Hand back every line from the beginning of the data below through the line containing "尊者法相所现为骑鹿而坐,浓眉大耳,左手拿灵芝做喂鹿状。", word for word and free of pictures.

● Raw data:
====
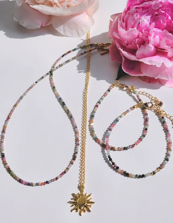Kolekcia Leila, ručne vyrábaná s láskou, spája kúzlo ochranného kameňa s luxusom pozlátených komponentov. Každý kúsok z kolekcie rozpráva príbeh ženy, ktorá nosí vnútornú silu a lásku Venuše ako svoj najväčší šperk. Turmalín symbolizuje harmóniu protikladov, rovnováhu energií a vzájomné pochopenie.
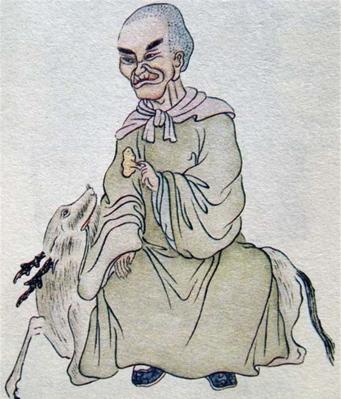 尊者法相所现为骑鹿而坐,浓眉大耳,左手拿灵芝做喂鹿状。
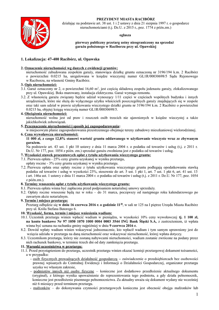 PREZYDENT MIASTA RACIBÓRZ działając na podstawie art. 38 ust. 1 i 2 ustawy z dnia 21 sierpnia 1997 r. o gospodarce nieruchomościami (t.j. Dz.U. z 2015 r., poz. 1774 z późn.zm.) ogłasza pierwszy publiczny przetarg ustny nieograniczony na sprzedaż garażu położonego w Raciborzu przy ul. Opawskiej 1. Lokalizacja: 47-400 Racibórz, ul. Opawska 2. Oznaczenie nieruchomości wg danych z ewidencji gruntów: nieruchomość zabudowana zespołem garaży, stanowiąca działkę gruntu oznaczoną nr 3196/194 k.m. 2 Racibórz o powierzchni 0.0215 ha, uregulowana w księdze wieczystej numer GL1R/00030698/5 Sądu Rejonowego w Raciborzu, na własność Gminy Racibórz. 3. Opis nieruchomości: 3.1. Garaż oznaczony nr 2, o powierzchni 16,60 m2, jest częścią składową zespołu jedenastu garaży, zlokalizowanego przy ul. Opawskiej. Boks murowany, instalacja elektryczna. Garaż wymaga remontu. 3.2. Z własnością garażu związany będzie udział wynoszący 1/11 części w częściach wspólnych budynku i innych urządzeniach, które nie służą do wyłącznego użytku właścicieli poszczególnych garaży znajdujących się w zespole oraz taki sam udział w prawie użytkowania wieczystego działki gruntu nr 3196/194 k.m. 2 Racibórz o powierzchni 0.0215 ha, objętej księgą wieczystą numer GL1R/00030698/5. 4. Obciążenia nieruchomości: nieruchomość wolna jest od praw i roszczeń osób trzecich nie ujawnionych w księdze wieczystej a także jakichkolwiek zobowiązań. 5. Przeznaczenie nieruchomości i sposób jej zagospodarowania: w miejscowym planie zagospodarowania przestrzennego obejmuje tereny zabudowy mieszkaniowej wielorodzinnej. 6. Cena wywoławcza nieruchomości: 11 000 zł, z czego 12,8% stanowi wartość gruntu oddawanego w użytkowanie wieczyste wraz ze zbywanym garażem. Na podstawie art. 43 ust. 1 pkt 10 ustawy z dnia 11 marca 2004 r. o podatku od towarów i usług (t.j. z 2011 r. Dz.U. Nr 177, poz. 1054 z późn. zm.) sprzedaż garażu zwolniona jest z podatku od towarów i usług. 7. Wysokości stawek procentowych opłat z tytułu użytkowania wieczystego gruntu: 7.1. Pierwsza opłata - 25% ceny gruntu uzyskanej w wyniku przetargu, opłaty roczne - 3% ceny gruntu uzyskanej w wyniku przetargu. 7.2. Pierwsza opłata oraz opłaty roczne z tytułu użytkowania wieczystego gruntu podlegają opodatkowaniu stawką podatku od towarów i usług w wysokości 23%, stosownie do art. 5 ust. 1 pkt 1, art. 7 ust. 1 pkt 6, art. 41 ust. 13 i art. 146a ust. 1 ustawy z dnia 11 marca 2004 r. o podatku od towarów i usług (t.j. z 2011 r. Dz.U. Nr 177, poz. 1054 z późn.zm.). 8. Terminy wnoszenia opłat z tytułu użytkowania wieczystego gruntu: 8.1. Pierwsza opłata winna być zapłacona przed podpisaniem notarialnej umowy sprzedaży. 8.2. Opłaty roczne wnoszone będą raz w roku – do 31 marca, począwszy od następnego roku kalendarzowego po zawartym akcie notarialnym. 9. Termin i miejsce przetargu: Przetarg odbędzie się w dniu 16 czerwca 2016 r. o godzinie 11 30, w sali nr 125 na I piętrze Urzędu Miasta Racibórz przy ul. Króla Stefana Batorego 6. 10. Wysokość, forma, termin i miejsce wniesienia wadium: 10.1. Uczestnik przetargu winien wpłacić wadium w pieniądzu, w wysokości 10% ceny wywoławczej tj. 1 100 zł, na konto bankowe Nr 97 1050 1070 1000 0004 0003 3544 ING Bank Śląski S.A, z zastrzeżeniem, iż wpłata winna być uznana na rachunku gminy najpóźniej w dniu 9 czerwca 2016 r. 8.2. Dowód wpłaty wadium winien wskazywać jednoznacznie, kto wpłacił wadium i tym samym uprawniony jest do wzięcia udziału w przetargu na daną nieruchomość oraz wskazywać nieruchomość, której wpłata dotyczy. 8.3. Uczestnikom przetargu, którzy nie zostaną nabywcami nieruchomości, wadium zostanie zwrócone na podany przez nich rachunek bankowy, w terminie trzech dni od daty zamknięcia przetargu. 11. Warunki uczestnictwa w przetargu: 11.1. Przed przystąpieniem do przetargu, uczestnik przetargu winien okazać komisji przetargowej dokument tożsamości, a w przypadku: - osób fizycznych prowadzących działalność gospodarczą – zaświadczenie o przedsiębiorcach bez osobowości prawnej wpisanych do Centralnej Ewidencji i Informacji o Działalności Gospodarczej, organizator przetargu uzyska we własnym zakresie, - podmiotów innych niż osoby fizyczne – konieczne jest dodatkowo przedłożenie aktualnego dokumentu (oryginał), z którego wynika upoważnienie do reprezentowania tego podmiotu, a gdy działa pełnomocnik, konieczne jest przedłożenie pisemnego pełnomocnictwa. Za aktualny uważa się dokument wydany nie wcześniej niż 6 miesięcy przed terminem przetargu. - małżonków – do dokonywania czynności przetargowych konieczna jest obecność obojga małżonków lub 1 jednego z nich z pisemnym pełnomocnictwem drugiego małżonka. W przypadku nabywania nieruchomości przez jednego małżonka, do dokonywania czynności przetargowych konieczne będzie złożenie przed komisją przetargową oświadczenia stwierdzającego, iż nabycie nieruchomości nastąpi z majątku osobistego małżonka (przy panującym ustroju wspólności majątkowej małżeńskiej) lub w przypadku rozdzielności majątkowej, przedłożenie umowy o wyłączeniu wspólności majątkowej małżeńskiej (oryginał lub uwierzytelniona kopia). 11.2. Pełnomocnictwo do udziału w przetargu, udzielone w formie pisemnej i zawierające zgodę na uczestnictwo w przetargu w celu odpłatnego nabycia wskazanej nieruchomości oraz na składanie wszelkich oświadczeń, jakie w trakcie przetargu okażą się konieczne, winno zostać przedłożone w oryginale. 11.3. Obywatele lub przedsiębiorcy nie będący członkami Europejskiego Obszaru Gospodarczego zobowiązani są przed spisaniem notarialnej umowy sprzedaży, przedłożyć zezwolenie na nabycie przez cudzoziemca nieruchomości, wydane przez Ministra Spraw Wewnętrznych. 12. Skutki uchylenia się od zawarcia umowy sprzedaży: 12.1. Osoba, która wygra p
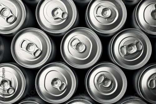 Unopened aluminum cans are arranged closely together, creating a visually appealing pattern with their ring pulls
====
● Finished task:
Kolekcia Leila, ručne vyrábaná s láskou, spája kúzlo ochranného kameňa s luxusom pozlátených komponentov. Každý kúsok z kolekcie rozpráva príbeh ženy, ktorá nosí vnútornú silu a lásku Venuše ako svoj najväčší šperk. Turmalín symbolizuje harmóniu protikladov, rovnováhu energií a vzájomné pochopenie.
 尊者法相所现为骑鹿而坐,浓眉大耳,左手拿灵芝做喂鹿状。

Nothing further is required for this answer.